I’m going to go off-topic a little here, because it doesn’t address Apple Maps’ shittiness directly. Let me say this bluntly: if you counted on maps – whether it be Google’s or Apple’s – to get you from place to place without any other backstops, you’re a fucking moron. My navigation system consists of Navigon and/or Waze for turn-by-turn and HopStop and/or KickMaps for NYC subway information and iTrans NJT for New Jersey Transit train schedules and gate information. This is the beauty of having a diverse, healthy app ecosystem that isn’t 90% infected by copyright and trademark-destroying sideloadable crapware.

To address Apple Maps’ shittiness directly: it’s not. I fully understand that this may be a product of my living in a relatively populated area of the Northeastern United States. I’ve used Maps and driving directions since the first developer build of iOS 6. I can say without hesitation that the only thing Apple’s Maps have been worse at is the number of local businesses that appear in a particular location. Again, I’m not stupid enough to rely on either Google or Apple to get me where I need to be if it’s important. If that applies to you, you deserve to be as lost as you got. I didn’t spend $400 on a phone that was going to cost me another $2,400 over the term of its contract to cheap out when it came to applications.

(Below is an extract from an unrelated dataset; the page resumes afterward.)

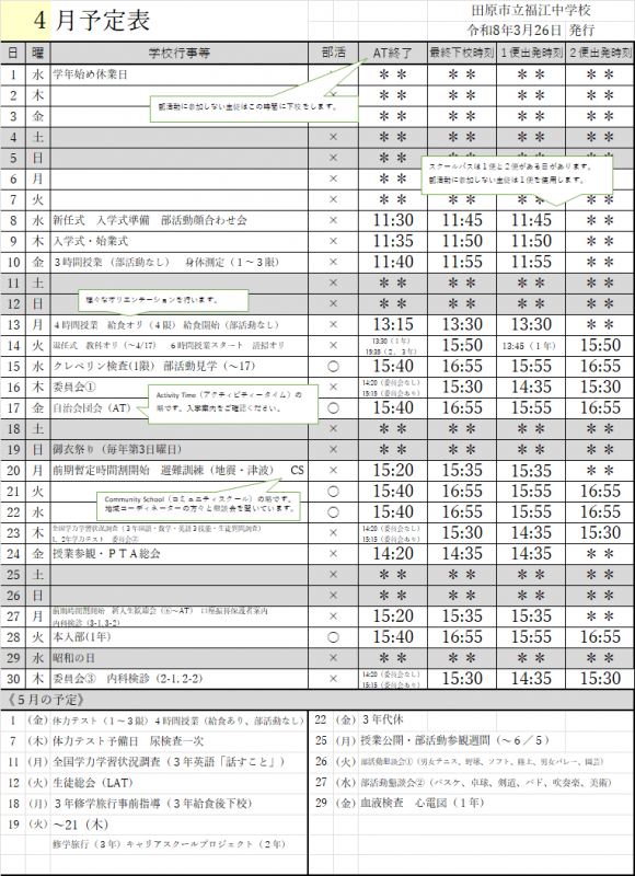 4月の予定をお知らせします(3月26日)

What’s left? Stories about Band-Aids, and timing. Yes, by all means, let’s all talk about timing. Timing timing timing. Let’s talk about why this happened now instead of next year. It’s called misdirection, and it’s mostly used by magicians and PR people.

Remember when Bill Clinton was on the ropes with the Lewinsky mess, and every day some Clinton shill like Lanny Davis would come on TV and raise a stink about Ken Starr’s law firm having some kind of conflict of interest, and try to spin the story to be about Ken Starr rather than about whether Clinton was lying or not?

Don’t look here, look there. Oh, hey, up over the hill – is that a flying saucer?

This is pure Apple. They knew – had to know – when they first showed off the new maps earlier this year that the app was a piece of shit. How could they not know? So they did what Apple always does, which is to go out full-blast saying that this new maps app was the bestest, smartest, superduperest maps app ever created in the history of mankind. Oh, and Flyover! Wow! Look at how amazing Flyover is! Why it’s so amazing that TechCrunch said it made Google Maps look antiquated! “Are you listening Mountain View?” is how they put it, saying Apple had just released its own “stunning” maps app.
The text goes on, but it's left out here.